Please note that none of the OptiX device functions can be used inside native CUDA kernels.
https://forums.developer.nvidia.com/t/can-cuda-launch-a-optix-kernel/243688/2
When you want to use standalone CUDA kernels inside OptiX programs, how that can be integrated into OptiX applications depends on the CUDA API you’re using (runtime, driver).
1.) When using the CUDA Driver API (which the OptiX SDK examples are not doing) then you could compile your kernel to PTX and then compile that at runtime and use the kernel functions inside that.

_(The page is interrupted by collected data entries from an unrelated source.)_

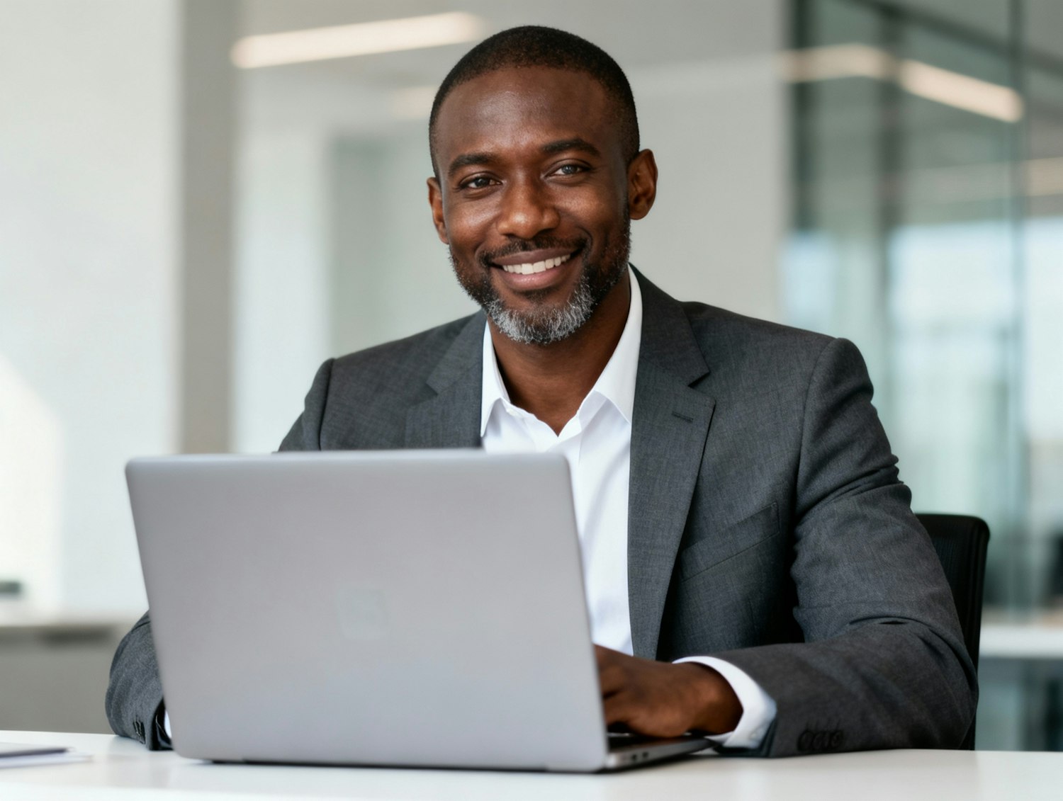 Studio portrait of a man operations manager, around 32; deep brown skin (cool-neutral); close-cropped hair, light beard. Working at a desk with laptop open, modern office background; soft daylight, clamshell soft key + gentle rim; 105 mm macro-sharp. Wardrobe: charcoal suit, white shirt, no tie (modern and clean). Expression: kind, focused, welcoming. Skin: natural glow, lightly smoothed, no shine. Negative: over-retouch, logos, clutter, strong shadows.
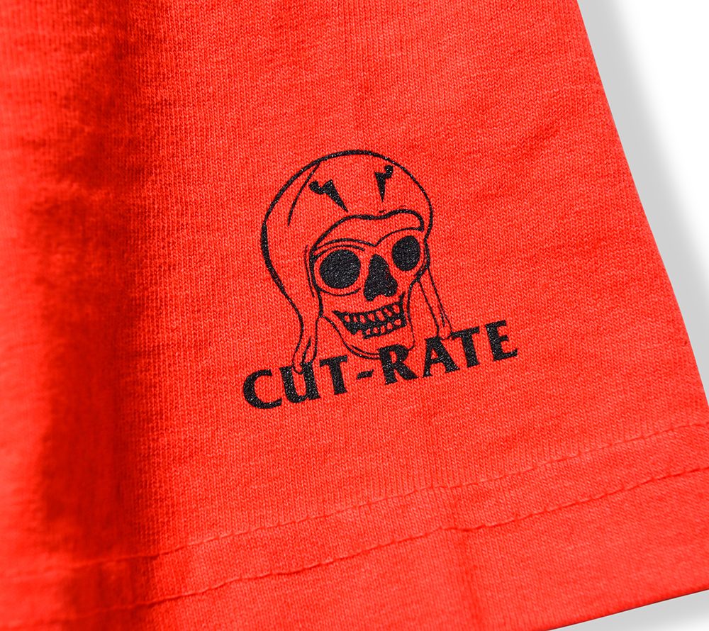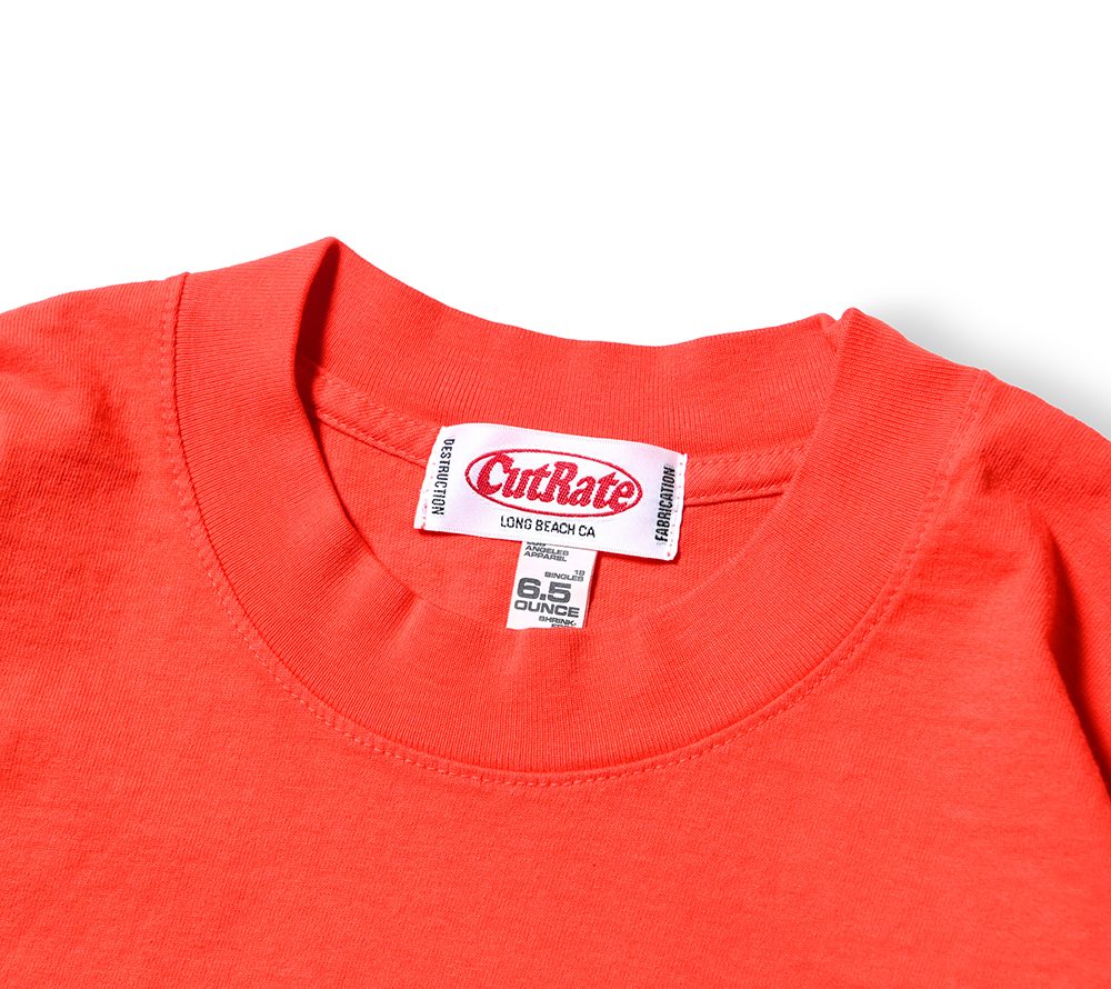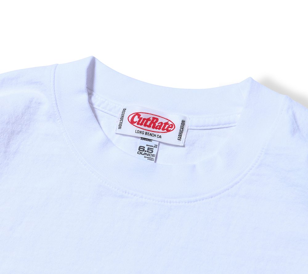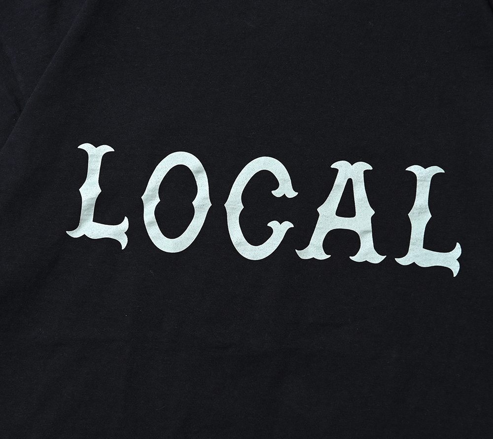 袖口にワンポイントでスカルロゴを落とし込んだデザイン。フロントにCUTRATEのアイコンでもある"LOCAL"ロゴが入る。ボディーは6.5オンスの重量感と丈夫さが特徴のMADE IN USAのLOS ANGELES APPARELボディーのガーメントダイ(後染の)半袖Tシャツで製作。
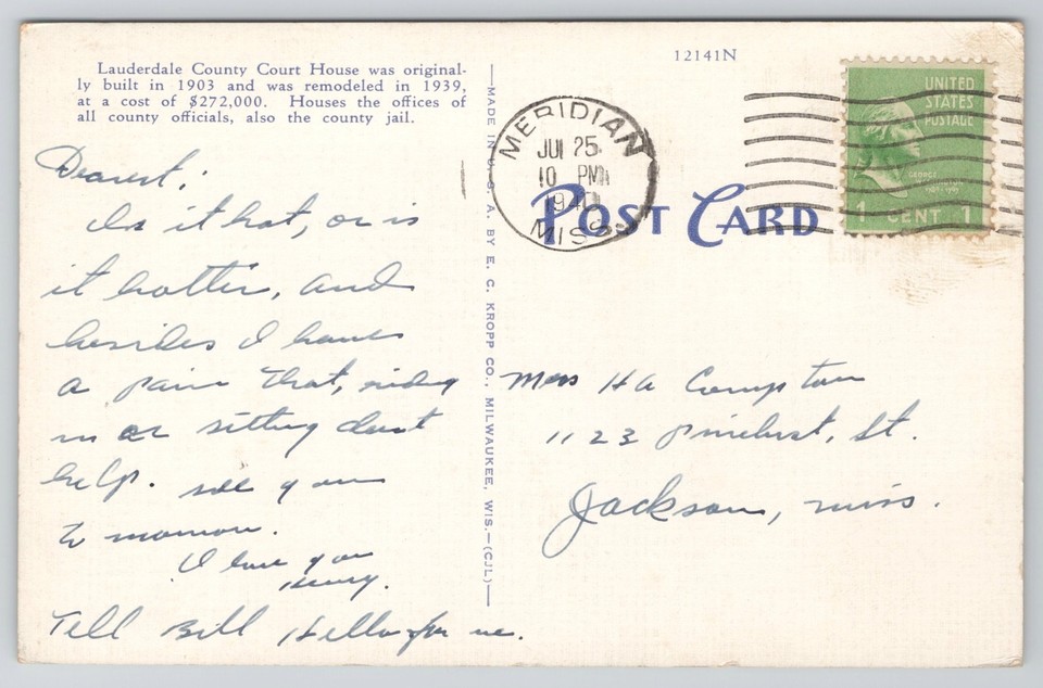 Postcard Lauderdale County Court House Meridian Mississippi eBay

I’m doing that for a simple multi-GPU compositing kernel in my OptiX examples:
https://github.com/NVIDIA/OptiX_Apps/blob/master/apps/MDL_renderer/src/Device.cpp#L293
https://github.com/NVIDIA/OptiX_Apps/blob/master/apps/MDL_renderer/src/Device.cpp#L2065
That cuLaunchKernel() mechanism is quite awkward and care needs to be taken to not exceed any hardware limits.
2.) The simpler approach is using the CUDA Runtime API and its kernel launch mechanism with the chevron operator <<<>>>
as in your test code.
The main hurdle with that is how to setup a CMakeLists.txt which can handle native CUDA kernels and OptiX device code separately.
That is possible in different ways and with the newer CMake versions that is actually supported with the CMake LANGUAGE CUDA
feature as well.
I’ve posted a CMakeLists.txt
which shows that here:
https://forums.developer.nvidia.com/t/why-am-i-getting-optix-dir-notfound/279085/4
Note that this requires CMake 3.27 or newer. Just follow the instructions and you should have a standalone CUDA Runtime API + OptiX device code framework using CMake.
Calling CUDA kernels inside the resulting application then works the same way as in all CUDA Toolkit examples, like this:
https://github.com/NVIDIA/cuda-samples/blob/master/Samples/0_Introduction/vectorAdd/vectorAdd.cu#L147
And OptiX host and device code would work as before.
You would only need to make sure to use the correct CUDA context and CUDA stream for these kernels to have them working on the same CUDA device data.